■ **What to produce**:
Some of the lines below need repeating. Reproduce exactly those between the lines holding "解体された型枠が、同じ大きさのものを文例して保管されています。" and "- Naudojant intraoralinį", inclusive.

■ **Dataset records**:
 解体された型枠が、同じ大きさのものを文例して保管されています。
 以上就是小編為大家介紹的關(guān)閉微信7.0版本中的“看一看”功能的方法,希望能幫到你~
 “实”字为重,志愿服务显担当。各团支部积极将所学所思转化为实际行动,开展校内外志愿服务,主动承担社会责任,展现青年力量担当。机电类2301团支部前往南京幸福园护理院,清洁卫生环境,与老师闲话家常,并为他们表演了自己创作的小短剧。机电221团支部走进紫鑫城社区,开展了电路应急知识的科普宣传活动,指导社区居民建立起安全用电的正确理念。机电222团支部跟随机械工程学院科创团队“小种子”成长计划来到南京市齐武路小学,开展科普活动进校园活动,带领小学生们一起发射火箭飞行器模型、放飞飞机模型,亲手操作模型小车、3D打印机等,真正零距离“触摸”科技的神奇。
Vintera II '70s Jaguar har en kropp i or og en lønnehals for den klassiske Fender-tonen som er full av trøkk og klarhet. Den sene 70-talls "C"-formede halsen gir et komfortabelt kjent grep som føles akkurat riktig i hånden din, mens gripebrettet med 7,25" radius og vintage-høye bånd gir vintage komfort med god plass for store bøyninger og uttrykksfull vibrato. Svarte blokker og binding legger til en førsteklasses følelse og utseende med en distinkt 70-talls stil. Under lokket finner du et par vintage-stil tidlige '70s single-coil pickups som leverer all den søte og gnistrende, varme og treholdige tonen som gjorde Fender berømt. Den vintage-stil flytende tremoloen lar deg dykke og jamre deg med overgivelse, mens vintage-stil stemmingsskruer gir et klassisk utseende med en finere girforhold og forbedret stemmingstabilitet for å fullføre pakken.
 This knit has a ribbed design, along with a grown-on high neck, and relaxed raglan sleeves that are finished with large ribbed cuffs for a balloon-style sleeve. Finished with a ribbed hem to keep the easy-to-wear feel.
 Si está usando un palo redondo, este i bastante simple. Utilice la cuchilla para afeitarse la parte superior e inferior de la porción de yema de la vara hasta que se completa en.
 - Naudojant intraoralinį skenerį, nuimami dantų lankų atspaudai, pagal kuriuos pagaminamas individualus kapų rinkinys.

---

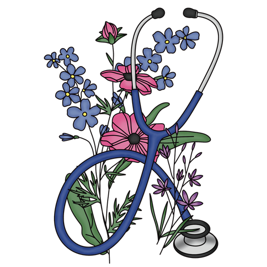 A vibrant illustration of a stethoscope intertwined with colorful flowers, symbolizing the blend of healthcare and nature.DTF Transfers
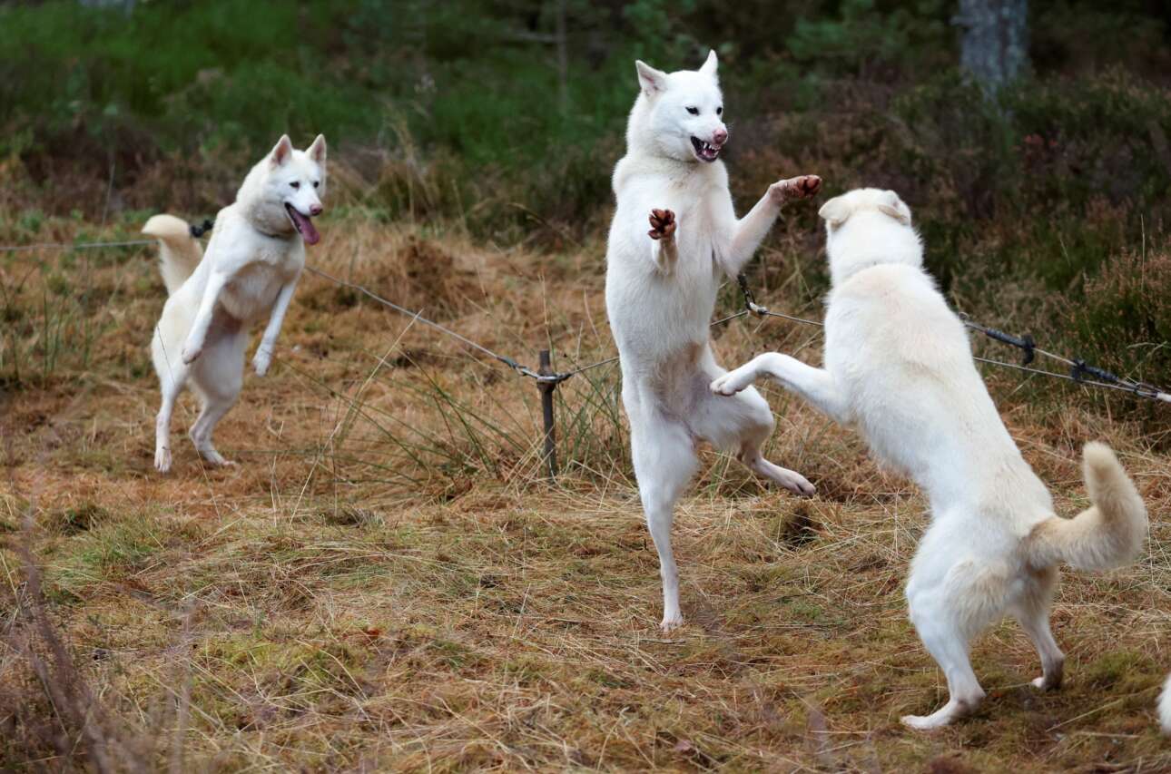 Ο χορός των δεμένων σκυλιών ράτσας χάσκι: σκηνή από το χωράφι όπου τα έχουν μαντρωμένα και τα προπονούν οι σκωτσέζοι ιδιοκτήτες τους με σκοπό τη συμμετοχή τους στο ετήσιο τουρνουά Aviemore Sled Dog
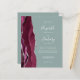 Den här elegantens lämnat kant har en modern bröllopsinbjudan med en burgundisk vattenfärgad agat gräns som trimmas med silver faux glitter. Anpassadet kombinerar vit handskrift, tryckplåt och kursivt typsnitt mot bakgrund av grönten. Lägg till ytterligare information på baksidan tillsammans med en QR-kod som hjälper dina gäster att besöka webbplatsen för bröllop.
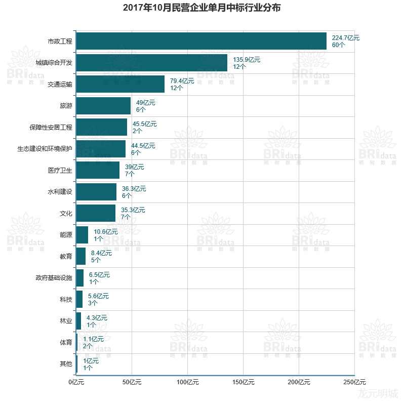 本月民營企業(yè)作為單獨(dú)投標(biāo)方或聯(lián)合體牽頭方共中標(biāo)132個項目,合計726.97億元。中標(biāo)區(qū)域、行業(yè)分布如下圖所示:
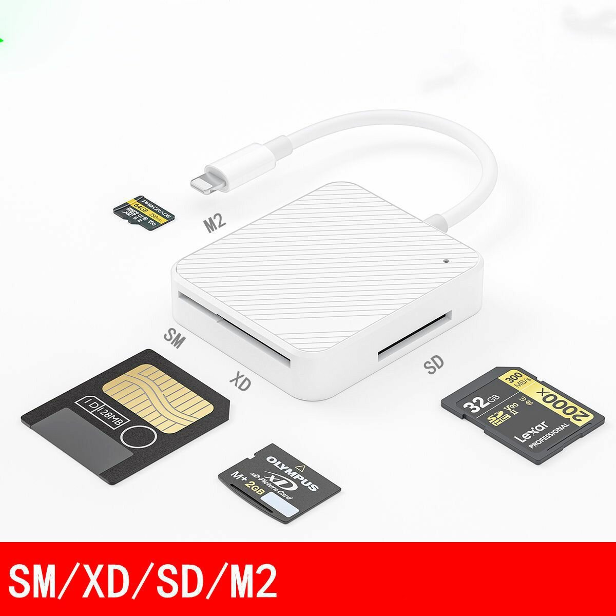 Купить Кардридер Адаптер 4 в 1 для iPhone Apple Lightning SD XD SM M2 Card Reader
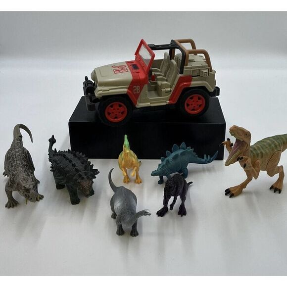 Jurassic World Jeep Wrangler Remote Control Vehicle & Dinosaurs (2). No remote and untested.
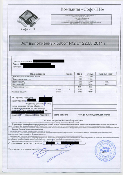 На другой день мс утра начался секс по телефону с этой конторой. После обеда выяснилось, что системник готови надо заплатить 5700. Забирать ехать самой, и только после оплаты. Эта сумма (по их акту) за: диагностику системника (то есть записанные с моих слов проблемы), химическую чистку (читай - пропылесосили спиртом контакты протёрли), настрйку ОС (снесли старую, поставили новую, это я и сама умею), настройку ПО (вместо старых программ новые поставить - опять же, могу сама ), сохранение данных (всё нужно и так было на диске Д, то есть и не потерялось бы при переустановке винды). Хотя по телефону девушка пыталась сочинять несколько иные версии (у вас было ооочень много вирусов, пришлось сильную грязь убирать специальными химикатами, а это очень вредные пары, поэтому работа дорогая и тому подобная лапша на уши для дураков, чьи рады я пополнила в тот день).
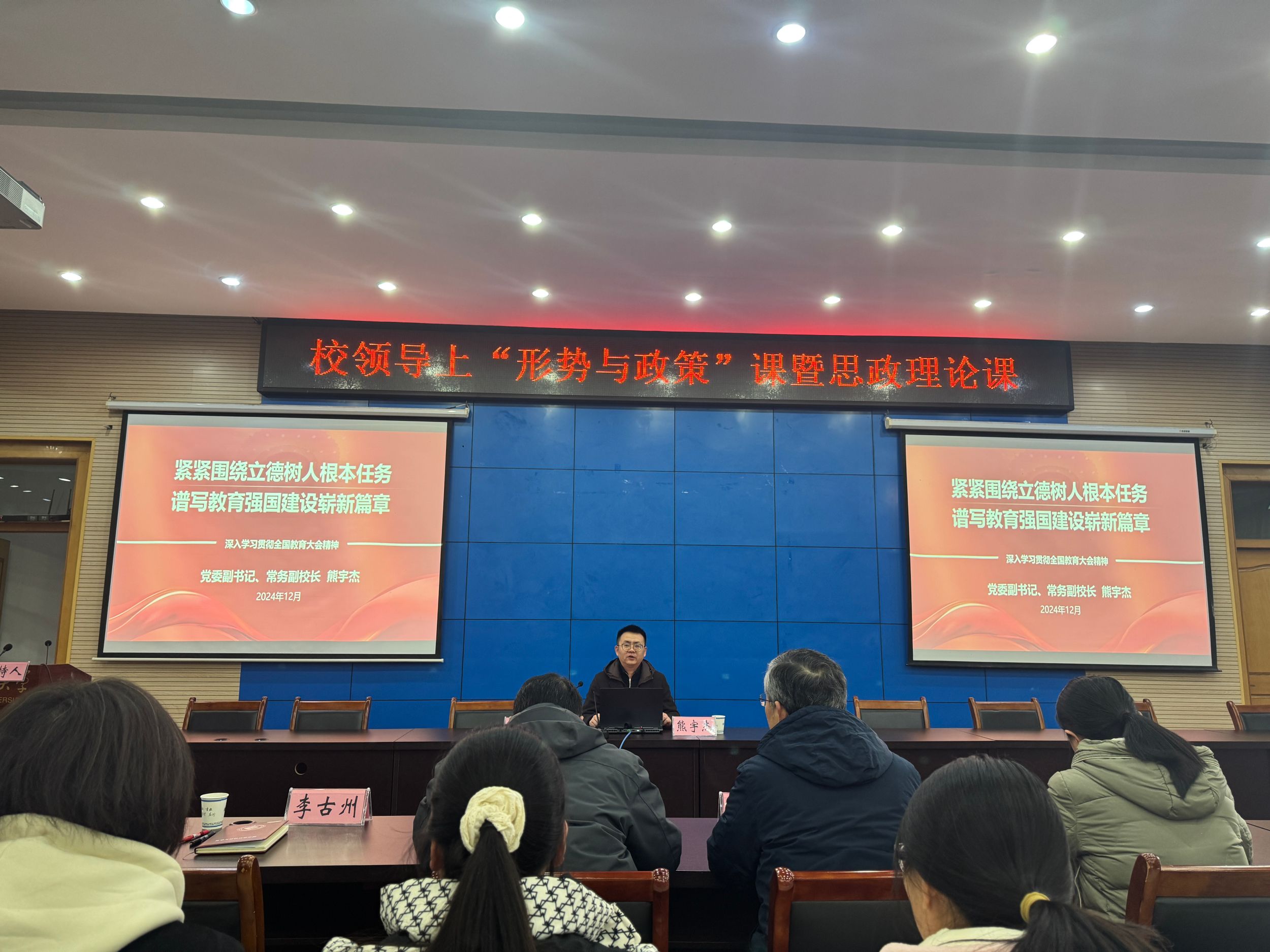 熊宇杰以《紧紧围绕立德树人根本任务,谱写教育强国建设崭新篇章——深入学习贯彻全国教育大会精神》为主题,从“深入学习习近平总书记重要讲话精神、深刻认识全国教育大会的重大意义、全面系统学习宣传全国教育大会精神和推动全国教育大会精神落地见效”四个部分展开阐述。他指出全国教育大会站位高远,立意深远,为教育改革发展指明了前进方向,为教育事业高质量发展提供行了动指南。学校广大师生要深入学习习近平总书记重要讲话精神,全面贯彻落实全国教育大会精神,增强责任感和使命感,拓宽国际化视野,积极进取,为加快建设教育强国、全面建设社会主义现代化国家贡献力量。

---

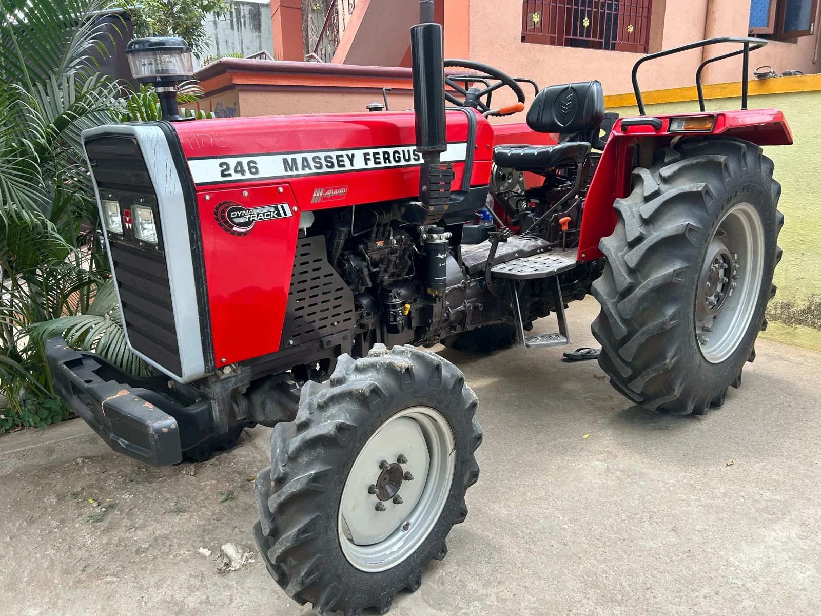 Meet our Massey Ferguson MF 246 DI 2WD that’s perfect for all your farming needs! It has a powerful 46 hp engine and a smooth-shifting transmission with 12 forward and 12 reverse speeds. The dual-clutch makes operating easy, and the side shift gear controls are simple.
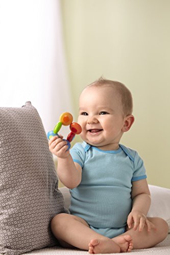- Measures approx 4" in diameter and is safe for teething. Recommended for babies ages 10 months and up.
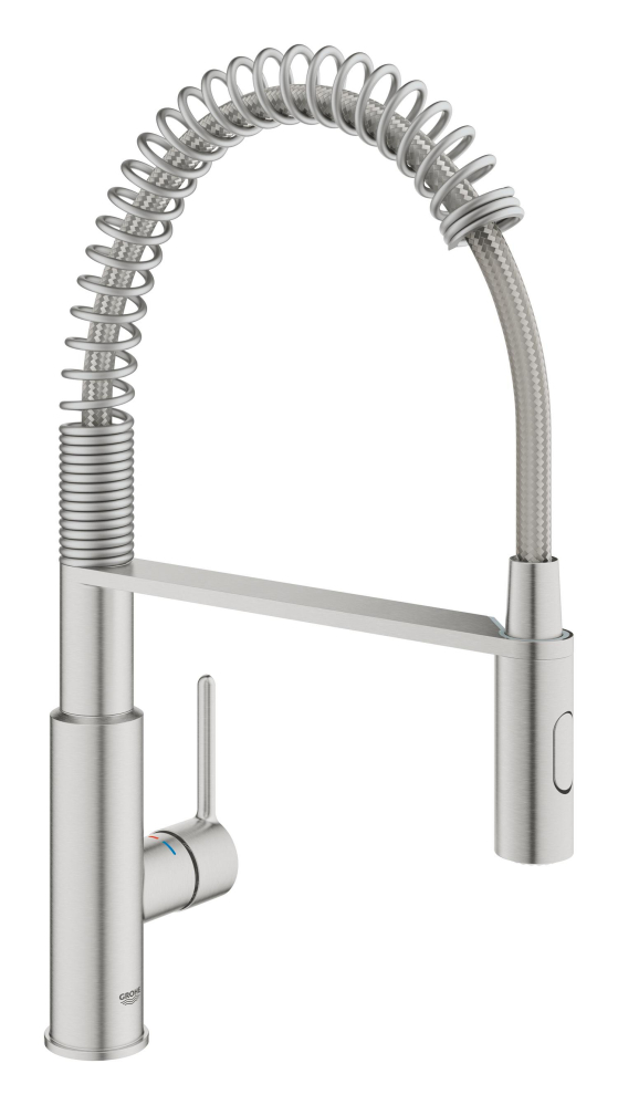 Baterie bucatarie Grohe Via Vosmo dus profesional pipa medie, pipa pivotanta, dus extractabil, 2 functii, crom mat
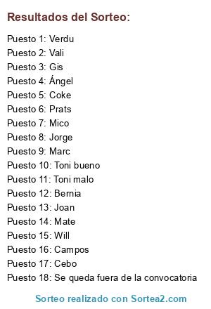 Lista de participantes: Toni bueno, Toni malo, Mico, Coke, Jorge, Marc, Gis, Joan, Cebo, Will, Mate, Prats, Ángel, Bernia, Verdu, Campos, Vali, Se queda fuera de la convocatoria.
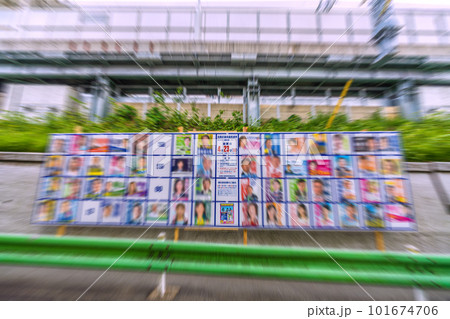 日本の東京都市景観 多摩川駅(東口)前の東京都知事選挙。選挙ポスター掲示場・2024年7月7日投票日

■ **Your response**:
 解体された型枠が、同じ大きさのものを文例して保管されています。
 以上就是小編為大家介紹的關(guān)閉微信7.0版本中的“看一看”功能的方法,希望能幫到你~
 “实”字为重,志愿服务显担当。各团支部积极将所学所思转化为实际行动,开展校内外志愿服务,主动承担社会责任,展现青年力量担当。机电类2301团支部前往南京幸福园护理院,清洁卫生环境,与老师闲话家常,并为他们表演了自己创作的小短剧。机电221团支部走进紫鑫城社区,开展了电路应急知识的科普宣传活动,指导社区居民建立起安全用电的正确理念。机电222团支部跟随机械工程学院科创团队“小种子”成长计划来到南京市齐武路小学,开展科普活动进校园活动,带领小学生们一起发射火箭飞行器模型、放飞飞机模型,亲手操作模型小车、3D打印机等,真正零距离“触摸”科技的神奇。
Vintera II '70s Jaguar har en kropp i or og en lønnehals for den klassiske Fender-tonen som er full av trøkk og klarhet. Den sene 70-talls "C"-formede halsen gir et komfortabelt kjent grep som føles akkurat riktig i hånden din, mens gripebrettet med 7,25" radius og vintage-høye bånd gir vintage komfort med god plass for store bøyninger og uttrykksfull vibrato. Svarte blokker og binding legger til en førsteklasses følelse og utseende med en distinkt 70-talls stil. Under lokket finner du et par vintage-stil tidlige '70s single-coil pickups som leverer all den søte og gnistrende, varme og treholdige tonen som gjorde Fender berømt. Den vintage-stil flytende tremoloen lar deg dykke og jamre deg med overgivelse, mens vintage-stil stemmingsskruer gir et klassisk utseende med en finere girforhold og forbedret stemmingstabilitet for å fullføre pakken.
 This knit has a ribbed design, along with a grown-on high neck, and relaxed raglan sleeves that are finished with large ribbed cuffs for a balloon-style sleeve. Finished with a ribbed hem to keep the easy-to-wear feel.
 Si está usando un palo redondo, este i bastante simple. Utilice la cuchilla para afeitarse la parte superior e inferior de la porción de yema de la vara hasta que se completa en.
 - Naudojant intraoralinį skenerį, nuimami dantų lankų atspaudai, pagal kuriuos pagaminamas individualus kapų rinkinys.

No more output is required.